Group of us (Me, Todd Jake, Jimmy and his son Steven) rented a cottage at IRI. Initially, the cottage was awesome, we were the one closest to bubble gum and it was really cool looking out the window to check the inlet conditions.

Meet up with a few DF'ers and a big thanks to Bob BLT for meeting up with the crew and selling them a few of his fine bucktails and jigs - it was like a drug deal in the cottage parking lot but with fishing tackle LMAO


We fished the inlet Friday night but it was not happening - saw a handful of fish carried off.

Sat. day we fished OC MD for tog for a few hours with Todd landing a short and a keeper and the rest of us loosing baits. I tried some of my flounder spots but nothing.
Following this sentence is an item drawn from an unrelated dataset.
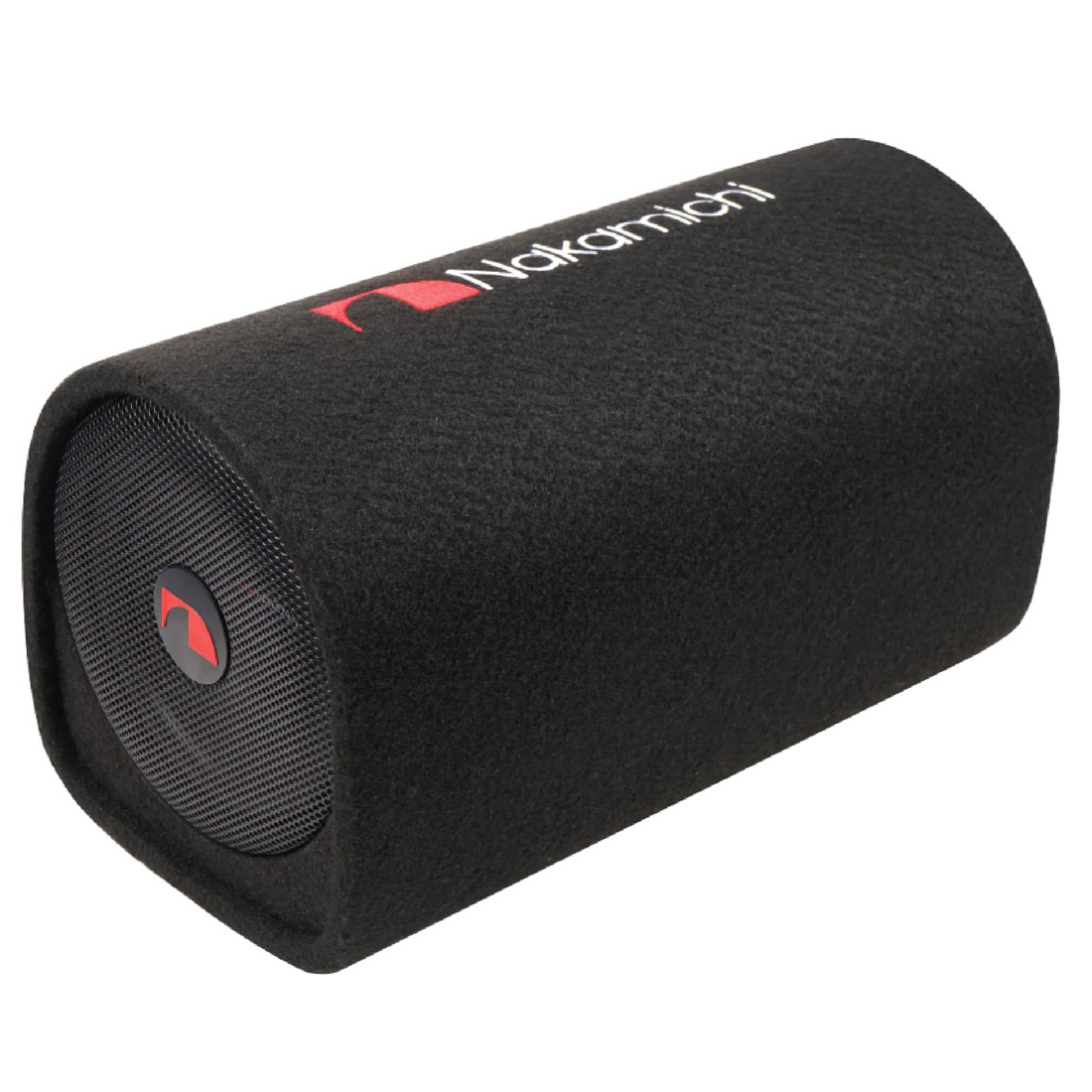 Nakamichi NBT-806A – компактный активный сабвуфер с 8-дюймовым динамиком в фазоинверторном оформлении, оптимизированный для установки в багажник автомобиля. Благодаря цилиндрической форме корпуса с устойчивым плоским основанием, сабвуфер легко интегрируется даже в ограниченное пространство, не теряя в эффективности. Применение фазоинвертора позволяет получить мощный и глубокий бас с минимальными искажениями, не требуя усилителя высокой мощности. Корпус выполнен из МДФ, обтянут черным карпетом с фирменной вышивкой, что придаёт устройству аккуратный и премиальный внешний вид. Усилитель развивает 100 Вт RMS, чего достаточно для создания насыщенного низкочастотного фундамента в штатной или улучшенной аудиосистеме. Сабвуфер подключается через линейный RCA-вход и поддерживает настройку фильтра НЧ в диапазоне 50–200 Гц.

Sat. night back to the rocks - fished the point right before the bridge and Todd and Jake held the spot for 3 hours until the tide started moving - then they quickly banged out 4 keepers between the three anglers! Up to Todd's big old 20 pounder 

Sunday we packed up SLOOOOOOWLY and played with shad - we slept maybe 4 hours in the 72 we were there but had a blast
















(Edited by esquired)


----------



## fool4fish1226 (May 15, 2012)

Sounds like alot of fun and a few nice fish too. Can't beat just being out there


----------



## FishingCop (May 16, 2012)

So.... where is your ugly mug with that shit eating grin with a fish in your hands?????? nice looking stripers


----------



## shamoo (May 18, 2012)

Excellent!!!!!! =D>


----------